- _Records for this task_
"""

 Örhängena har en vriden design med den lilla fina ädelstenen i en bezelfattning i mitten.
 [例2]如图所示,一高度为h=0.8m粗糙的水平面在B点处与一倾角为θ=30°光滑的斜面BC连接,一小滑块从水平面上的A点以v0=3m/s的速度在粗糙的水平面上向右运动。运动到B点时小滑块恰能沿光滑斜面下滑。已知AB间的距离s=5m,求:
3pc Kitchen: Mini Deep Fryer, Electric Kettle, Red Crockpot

"""
"""

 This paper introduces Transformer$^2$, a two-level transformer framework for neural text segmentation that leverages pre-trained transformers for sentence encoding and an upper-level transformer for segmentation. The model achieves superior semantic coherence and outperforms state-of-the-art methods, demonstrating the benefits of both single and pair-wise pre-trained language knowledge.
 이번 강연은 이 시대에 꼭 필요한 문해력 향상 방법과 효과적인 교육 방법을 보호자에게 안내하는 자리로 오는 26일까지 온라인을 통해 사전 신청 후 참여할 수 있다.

"""
"""

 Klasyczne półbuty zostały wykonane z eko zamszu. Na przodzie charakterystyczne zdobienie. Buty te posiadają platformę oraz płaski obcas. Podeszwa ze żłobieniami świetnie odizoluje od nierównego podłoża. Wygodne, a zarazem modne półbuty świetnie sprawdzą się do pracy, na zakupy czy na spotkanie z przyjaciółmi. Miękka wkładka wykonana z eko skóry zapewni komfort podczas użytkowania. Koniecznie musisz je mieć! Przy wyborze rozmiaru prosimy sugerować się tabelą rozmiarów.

"""

- _Work order_
Taking the material above, extract exactly and only the lines from the line with "Örhängena har en" to the line with "3pc Kitchen: Mini", inclusive of both.

- _Task response_
 Örhängena har en vriden design med den lilla fina ädelstenen i en bezelfattning i mitten.
 [例2]如图所示,一高度为h=0.8m粗糙的水平面在B点处与一倾角为θ=30°光滑的斜面BC连接,一小滑块从水平面上的A点以v0=3m/s的速度在粗糙的水平面上向右运动。运动到B点时小滑块恰能沿光滑斜面下滑。已知AB间的距离s=5m,求:
3pc Kitchen: Mini Deep Fryer, Electric Kettle, Red Crockpot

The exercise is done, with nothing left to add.